__Work item__. Copy, word for word, the lines of the listing below from the line with "A/T - No 2-3" up to and including the line with "iPhone 6 Plus Wallet". Drop the pictures.

* * * * * * *

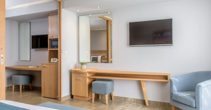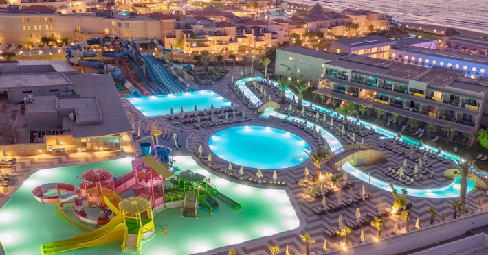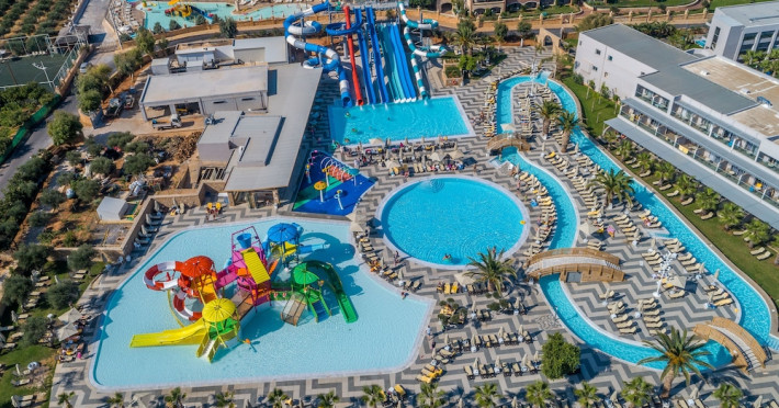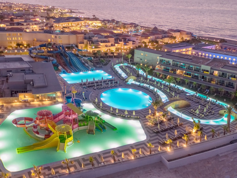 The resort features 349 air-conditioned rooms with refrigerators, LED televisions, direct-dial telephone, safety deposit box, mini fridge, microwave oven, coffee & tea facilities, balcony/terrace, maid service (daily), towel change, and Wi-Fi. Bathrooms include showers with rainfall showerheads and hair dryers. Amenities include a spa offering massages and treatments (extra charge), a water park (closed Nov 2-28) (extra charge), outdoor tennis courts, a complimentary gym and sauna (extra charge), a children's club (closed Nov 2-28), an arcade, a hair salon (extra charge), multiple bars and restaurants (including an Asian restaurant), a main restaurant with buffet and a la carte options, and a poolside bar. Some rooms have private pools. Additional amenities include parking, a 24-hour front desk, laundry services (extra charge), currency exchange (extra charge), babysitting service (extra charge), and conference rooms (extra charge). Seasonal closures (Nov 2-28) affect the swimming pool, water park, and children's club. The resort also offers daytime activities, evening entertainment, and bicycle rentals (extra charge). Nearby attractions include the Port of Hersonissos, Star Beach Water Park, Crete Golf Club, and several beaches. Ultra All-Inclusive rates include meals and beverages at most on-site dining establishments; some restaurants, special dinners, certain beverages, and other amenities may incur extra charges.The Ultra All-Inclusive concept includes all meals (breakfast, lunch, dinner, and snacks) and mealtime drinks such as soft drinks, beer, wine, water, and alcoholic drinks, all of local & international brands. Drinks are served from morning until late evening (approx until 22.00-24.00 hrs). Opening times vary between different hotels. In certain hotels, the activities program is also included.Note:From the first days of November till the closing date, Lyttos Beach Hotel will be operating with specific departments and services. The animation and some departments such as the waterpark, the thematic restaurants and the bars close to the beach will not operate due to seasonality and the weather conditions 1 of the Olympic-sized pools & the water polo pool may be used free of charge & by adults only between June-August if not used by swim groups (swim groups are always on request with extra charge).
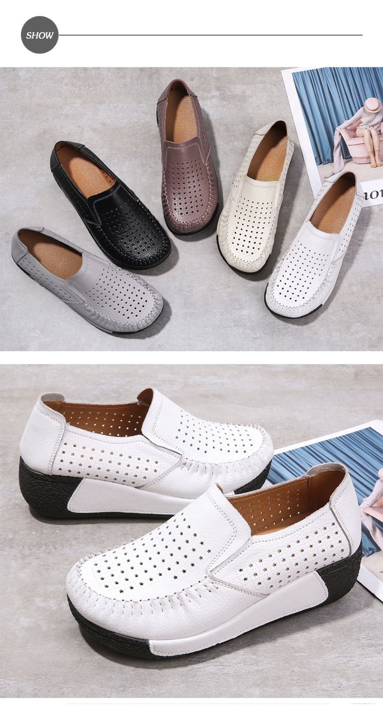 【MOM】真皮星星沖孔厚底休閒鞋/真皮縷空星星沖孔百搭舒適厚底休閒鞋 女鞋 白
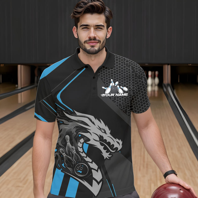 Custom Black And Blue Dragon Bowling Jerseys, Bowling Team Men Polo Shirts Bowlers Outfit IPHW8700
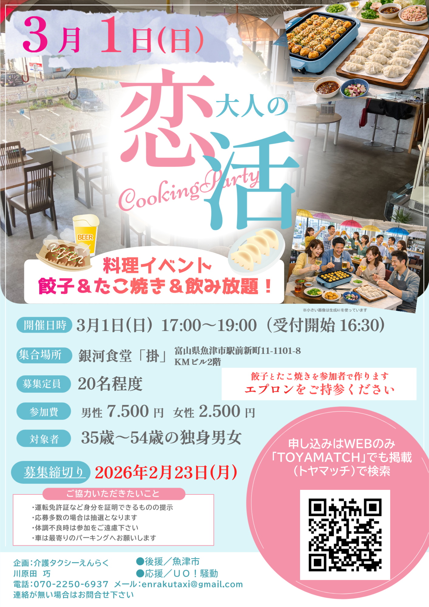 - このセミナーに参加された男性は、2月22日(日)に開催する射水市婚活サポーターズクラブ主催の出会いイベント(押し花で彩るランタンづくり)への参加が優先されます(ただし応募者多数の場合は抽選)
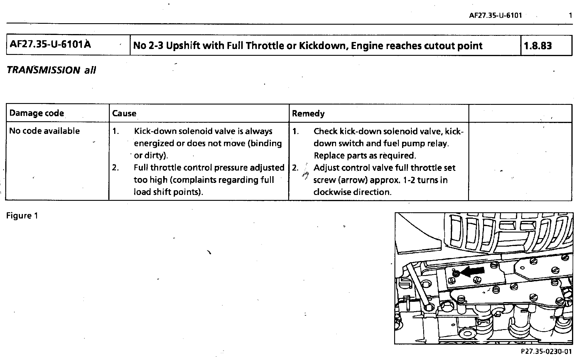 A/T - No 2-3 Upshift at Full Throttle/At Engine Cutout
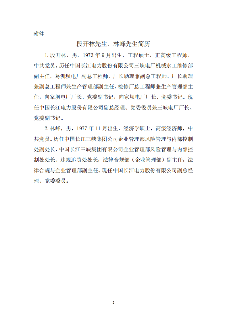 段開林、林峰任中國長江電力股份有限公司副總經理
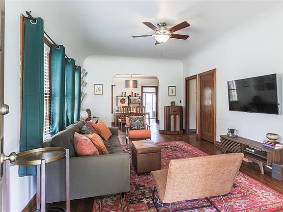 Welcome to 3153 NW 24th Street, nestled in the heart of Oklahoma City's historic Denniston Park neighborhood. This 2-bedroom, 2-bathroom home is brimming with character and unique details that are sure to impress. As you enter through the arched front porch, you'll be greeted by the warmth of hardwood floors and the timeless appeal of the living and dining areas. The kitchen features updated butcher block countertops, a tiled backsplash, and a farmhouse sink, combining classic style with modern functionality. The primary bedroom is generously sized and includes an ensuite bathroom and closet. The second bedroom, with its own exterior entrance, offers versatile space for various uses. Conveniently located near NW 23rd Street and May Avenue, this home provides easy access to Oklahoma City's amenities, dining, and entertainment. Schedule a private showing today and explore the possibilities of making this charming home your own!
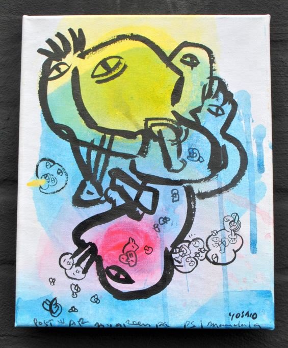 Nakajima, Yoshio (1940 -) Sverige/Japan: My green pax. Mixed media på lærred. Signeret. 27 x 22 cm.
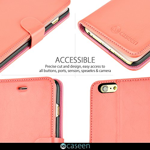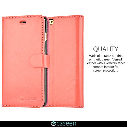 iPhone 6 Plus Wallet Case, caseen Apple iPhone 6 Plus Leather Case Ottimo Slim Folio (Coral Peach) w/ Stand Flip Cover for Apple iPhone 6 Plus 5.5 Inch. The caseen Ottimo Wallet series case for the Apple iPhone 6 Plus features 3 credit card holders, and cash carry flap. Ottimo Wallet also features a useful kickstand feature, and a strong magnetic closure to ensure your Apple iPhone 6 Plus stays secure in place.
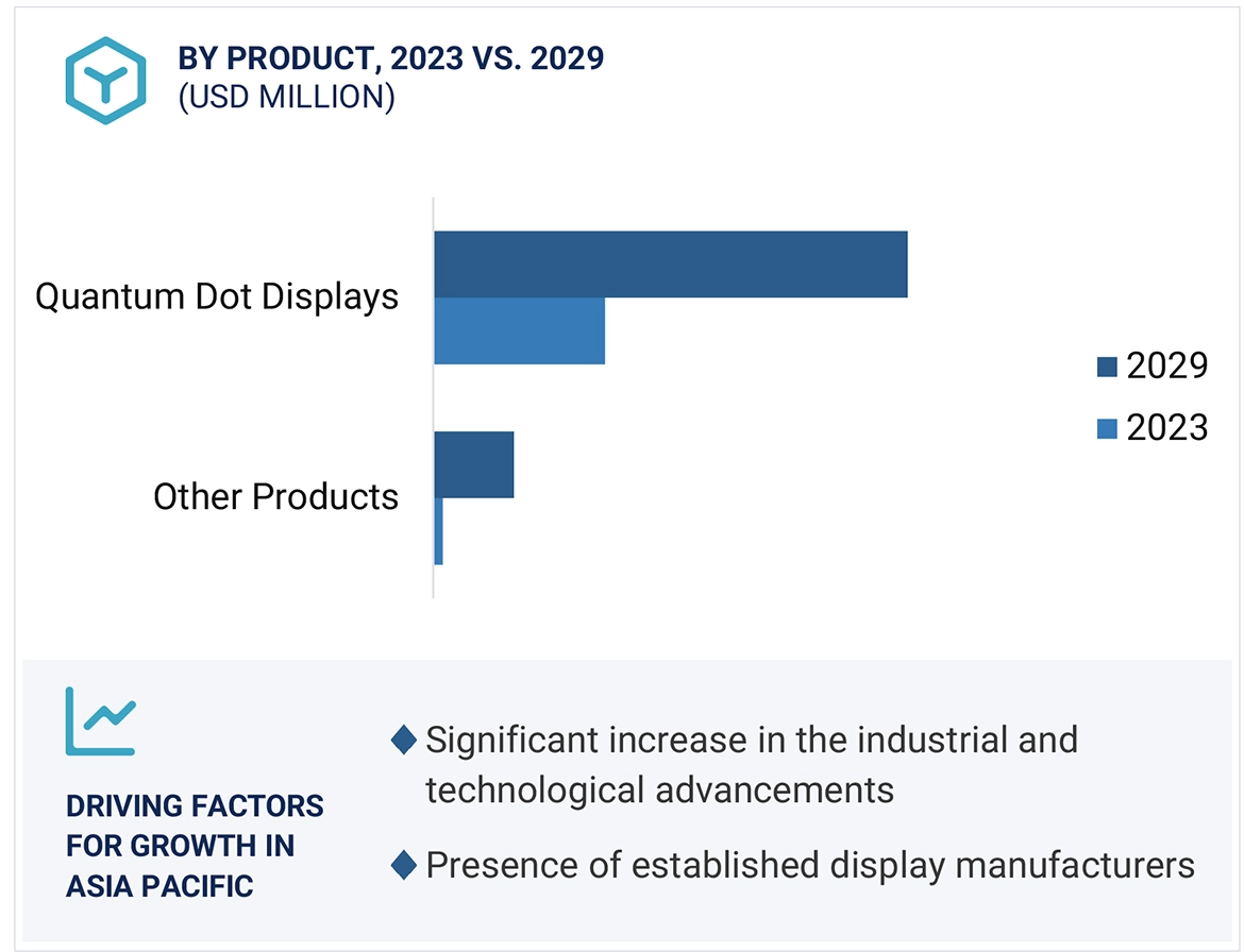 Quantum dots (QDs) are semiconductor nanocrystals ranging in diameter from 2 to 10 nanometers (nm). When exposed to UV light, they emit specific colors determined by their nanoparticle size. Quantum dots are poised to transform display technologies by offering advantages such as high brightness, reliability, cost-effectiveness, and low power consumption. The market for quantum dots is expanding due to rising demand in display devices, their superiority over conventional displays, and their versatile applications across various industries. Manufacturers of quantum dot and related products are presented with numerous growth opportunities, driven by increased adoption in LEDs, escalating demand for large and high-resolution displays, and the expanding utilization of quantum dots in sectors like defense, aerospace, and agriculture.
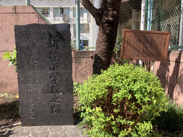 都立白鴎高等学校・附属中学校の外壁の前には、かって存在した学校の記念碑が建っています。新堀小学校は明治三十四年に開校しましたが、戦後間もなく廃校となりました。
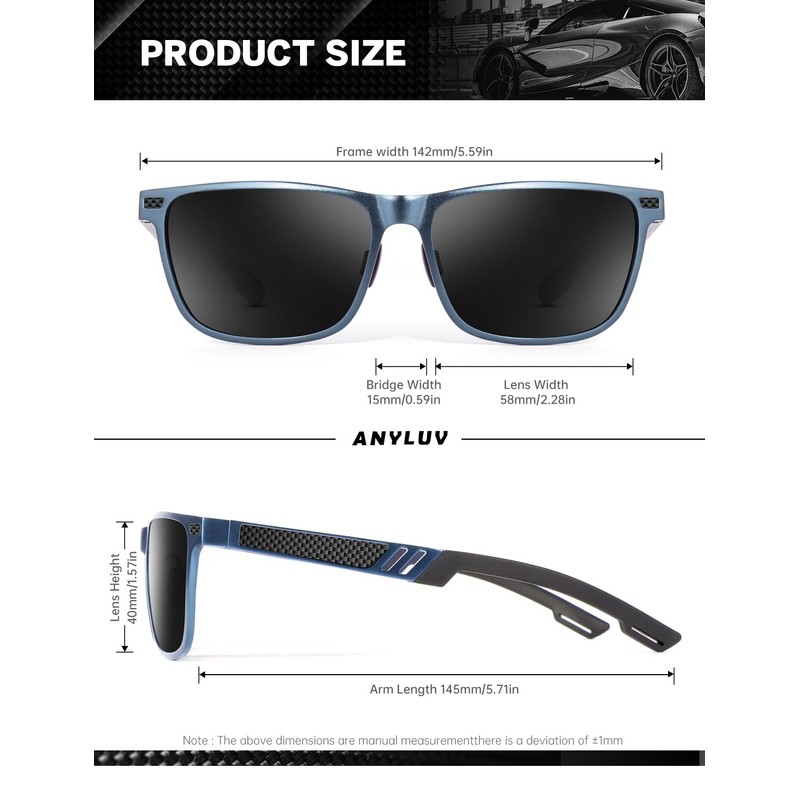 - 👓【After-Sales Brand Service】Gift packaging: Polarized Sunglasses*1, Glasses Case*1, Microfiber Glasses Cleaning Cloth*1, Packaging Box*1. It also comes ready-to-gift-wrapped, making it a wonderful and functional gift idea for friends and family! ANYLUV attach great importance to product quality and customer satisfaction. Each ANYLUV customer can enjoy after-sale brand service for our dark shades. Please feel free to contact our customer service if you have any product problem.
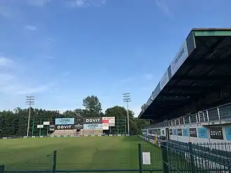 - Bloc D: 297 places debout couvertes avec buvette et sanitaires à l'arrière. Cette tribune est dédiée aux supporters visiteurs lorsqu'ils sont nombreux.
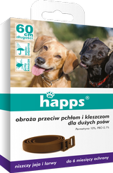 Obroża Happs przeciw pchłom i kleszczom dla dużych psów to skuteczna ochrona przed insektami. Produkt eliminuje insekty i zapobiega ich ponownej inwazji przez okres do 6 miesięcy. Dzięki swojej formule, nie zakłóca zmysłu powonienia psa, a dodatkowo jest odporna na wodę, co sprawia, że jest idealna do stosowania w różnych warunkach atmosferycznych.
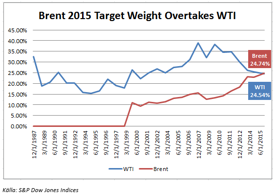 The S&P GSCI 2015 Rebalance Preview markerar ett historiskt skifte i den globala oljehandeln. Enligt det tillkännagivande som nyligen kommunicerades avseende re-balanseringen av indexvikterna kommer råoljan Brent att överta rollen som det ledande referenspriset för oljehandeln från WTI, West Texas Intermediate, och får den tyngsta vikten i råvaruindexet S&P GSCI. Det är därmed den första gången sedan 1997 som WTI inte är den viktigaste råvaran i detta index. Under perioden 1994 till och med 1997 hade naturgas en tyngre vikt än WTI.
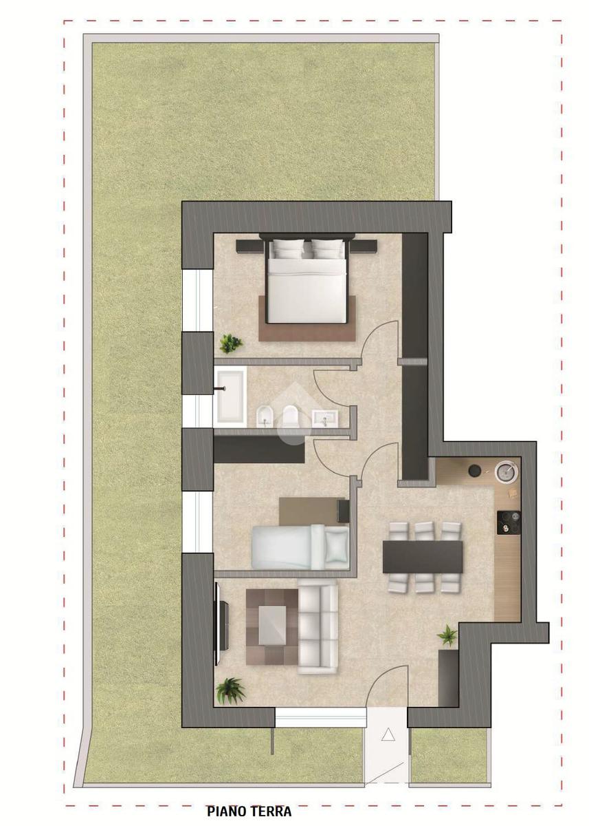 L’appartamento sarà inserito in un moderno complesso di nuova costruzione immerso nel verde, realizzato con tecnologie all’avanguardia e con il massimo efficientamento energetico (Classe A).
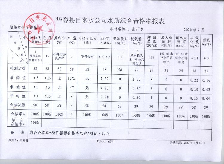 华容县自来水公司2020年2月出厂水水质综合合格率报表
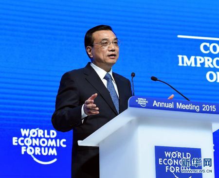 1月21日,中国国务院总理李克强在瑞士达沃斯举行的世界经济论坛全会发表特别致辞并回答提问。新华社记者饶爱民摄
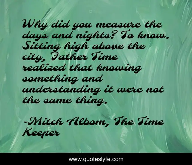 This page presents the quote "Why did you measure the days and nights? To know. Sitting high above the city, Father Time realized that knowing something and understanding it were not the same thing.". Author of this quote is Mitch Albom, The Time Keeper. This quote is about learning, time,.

* * * * * * *

__Reply to the task__.
 A/T - No 2-3 Upshift at Full Throttle/At Engine Cutout
 段開林、林峰任中國長江電力股份有限公司副總經理
 Welcome to 3153 NW 24th Street, nestled in the heart of Oklahoma City's historic Denniston Park neighborhood. This 2-bedroom, 2-bathroom home is brimming with character and unique details that are sure to impress. As you enter through the arched front porch, you'll be greeted by the warmth of hardwood floors and the timeless appeal of the living and dining areas. The kitchen features updated butcher block countertops, a tiled backsplash, and a farmhouse sink, combining classic style with modern functionality. The primary bedroom is generously sized and includes an ensuite bathroom and closet. The second bedroom, with its own exterior entrance, offers versatile space for various uses. Conveniently located near NW 23rd Street and May Avenue, this home provides easy access to Oklahoma City's amenities, dining, and entertainment. Schedule a private showing today and explore the possibilities of making this charming home your own!
 Nakajima, Yoshio (1940 -) Sverige/Japan: My green pax. Mixed media på lærred. Signeret. 27 x 22 cm.
 iPhone 6 Plus Wallet Case, caseen Apple iPhone 6 Plus Leather Case Ottimo Slim Folio (Coral Peach) w/ Stand Flip Cover for Apple iPhone 6 Plus 5.5 Inch. The caseen Ottimo Wallet series case for the Apple iPhone 6 Plus features 3 credit card holders, and cash carry flap. Ottimo Wallet also features a useful kickstand feature, and a strong magnetic closure to ensure your Apple iPhone 6 Plus stays secure in place.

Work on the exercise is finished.